Three Strategies to Bring Sales and Marketing Together
Updated: Nov 22, 2021

In order to grow a successful business in a recovering economy, it’s critical that all elements of your professional strategy are working together to drive towards success. One of the most important components of a successful plan is the alignment between your sales and marketing approaches. In many industries, there’s a longstanding competition between sales and marketing efforts, but the key to ensuring maximum ROI is aligning both efforts under the same strategy.
Remember, marketing and sales are part of the same revenue generating process. These two sides of your revenue team need to work together continuously, especially during a time when prospects are driving the purchasing journey. This collaboration isn’t going to happen overnight, so it’s important to understand the needs of both functions and how to bring them together successfully.
In sales, the focus is on talking about the prospect, their needs, and how your product addresses those needs. For salespeople, the stakes can be high with monthly quotas and a need to meet other KPIs. In marketing on the other hand, the focus is on talking about the company and creating messaging to drive interest in your product and develop brand awareness. To maximize the success of your revenue team, you need to create a shared vocabulary to bridge the gap between sales and marketing and think about the customer’s overall journey with your company.
To help bring your sales and marketing teams together, you need to identify common ground and opportunities for collaboration. Here are three strategies to help you get started:
Develop A Lead History
As a prospect transitions between the marketing and sales teams, successful companies pivot and tailor their approach to get closer to the prospect’s needs. One way to embrace this strategic approach is by developing a lead history. As potential customers interact with your company, you’ll want to track each interaction in the customer journey. You want to know what they were doing in their research phase and how they engaged with you. To make the most of this approach, it’s critical for marketing teams to think about who they’re talking to and put potential prospects in context as they create content. Sales teams can pick up where marketing leaves off with human-to-human connection, and begin the conversation with the context of the prospect’s journey so far. This collaboration between the content framework and lead history allows for a more seamless prospect experience and best positions the sales team to close the deal.

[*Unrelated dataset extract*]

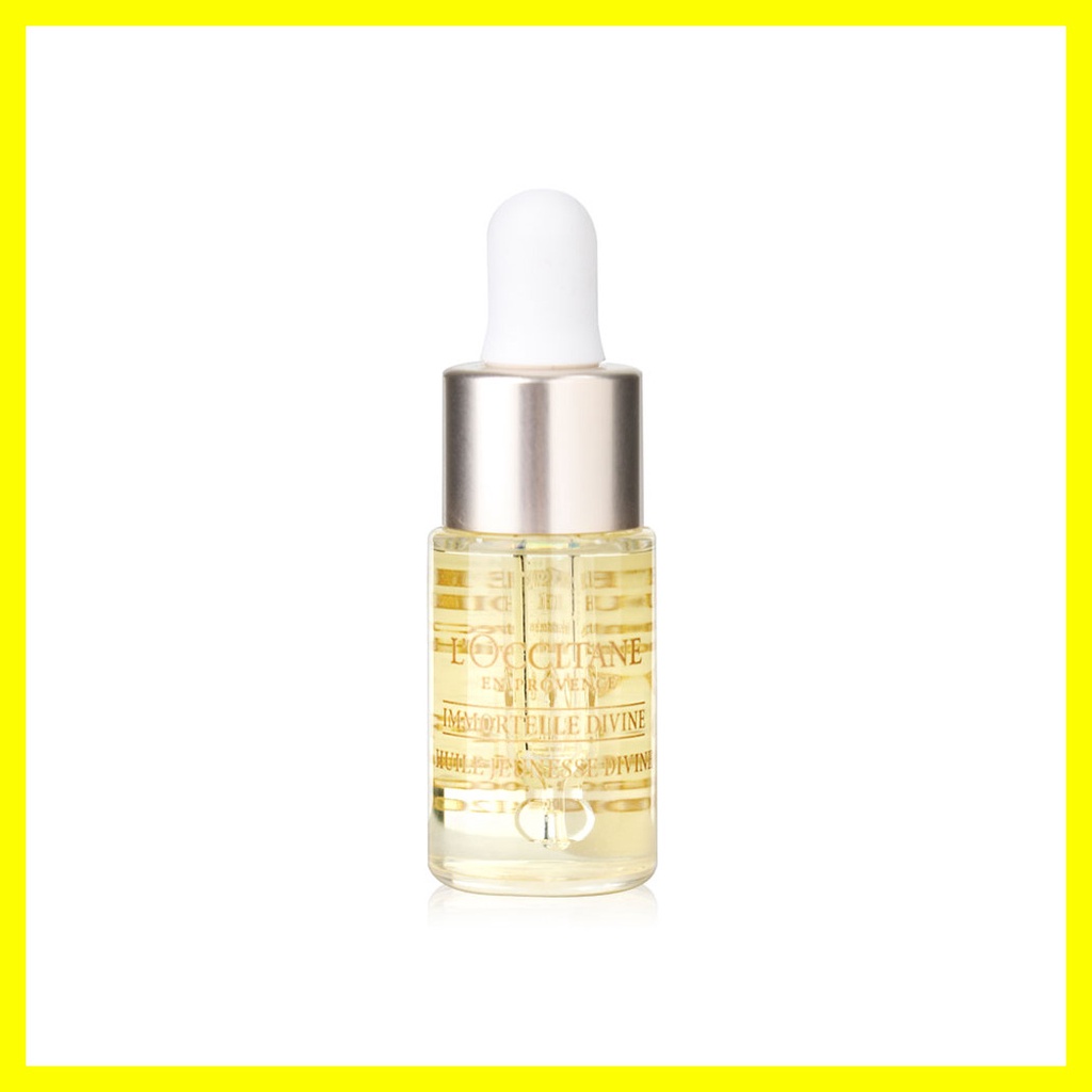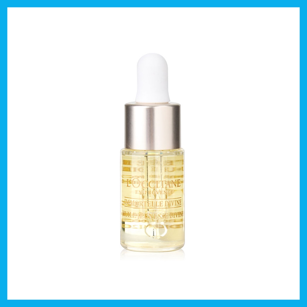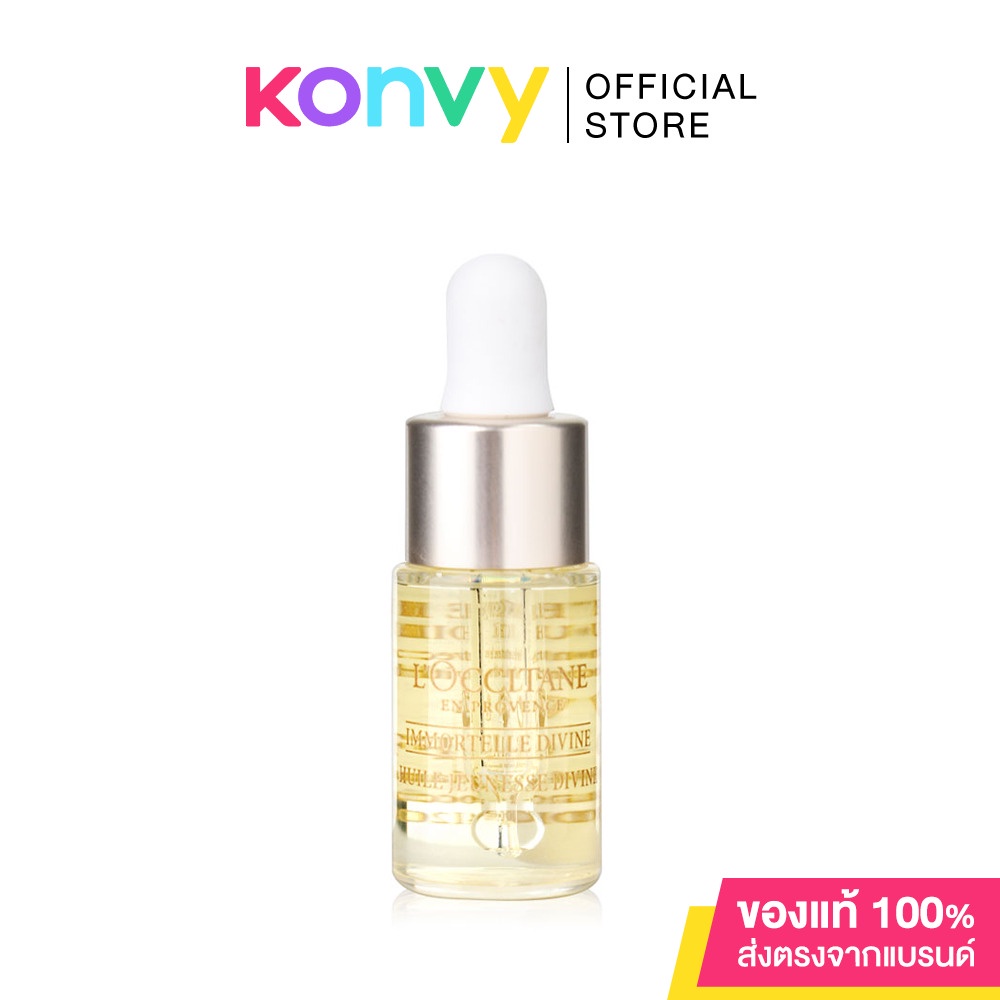 L'Occitane Immortelle Divine Youth Oil 4ml ผลิตภัณฑ์บำรุงผิว ที่อุดมไปด้วยน้ำมันหอมระเหยจาก Immortelle มากกว่าเดิม 10% ช่วยฟื้นฟูทุกปัญหาของผิว ให้ผิวของคุณเรียบเนียนกระชับมากขึ้น เปล่งประกายความอ่อนเยาว์ และริ้วรอยลดเลือนลง• น้ำมันเนื้อละเอียด บางเบา ค่อยๆ ซึมซาบสู่ผิวโดยไม่ทิ้งคราบมัน

Connect the Customer Journey
Once the sales team makes contact with a marketing lead, it’s crucial for them to use the information they have from the lead history to tailor their approach accordingly. One common mistake sales teams make is using the same pitch on all prospective leads. As a part of the revenue team, successful salespeople personalize their approach to fit the context of the prospect and use information from the content framework to develop more nuanced sales tactics. A lead follow-up library can be a great resource for salespeople by providing the building blocks they need to create smart customizations in their outreach. By referencing the specific buyer objective and focusing on their needs rather than pushing a product, sales teams can connect more authentically with prospects and increase the likelihood of successfully making a sale. Developing a lead follow-up library is a great opportunity for sales and marketing teams to work together as two sides of the same revenue team towards a common goal.
Create a Messaging Feedback Loop
As prospects make their way through the customer journey and transition from potential customer to closed sale, it’s important for revenue teams to establish a feedback loop to learn what’s working. Marketing teams can fall into the bad habit of making one-way messaging pushes – they create content and templates that get sent to sales, but they never hear back about what’s working and what’s not. Sales teams have the outreach experience and insight to know what messaging is working, but sometimes they make their own DIY content to fill in the gaps, rather than collaborating with marketing to make more of what works and improve what doesn’t. Successful revenue teams engage in mutual message refinement. Sales and marketing teams collaborate to leverage the closed-won analysis and learn which content and messaging drives customer engagement and purchasing behavior. By working together to continually refine and improve messaging, revenue teams can maximize their efforts and increase profit.
Hopefully these three strategies have inspired you to think critically about how to bring your sales and marketing efforts together. Remember, while sales and marketing may be different business functions, they are both part of the same revenue generating team. Aligning both functions as a part of your overall business strategy is a critical component of your success in 2021 and beyond.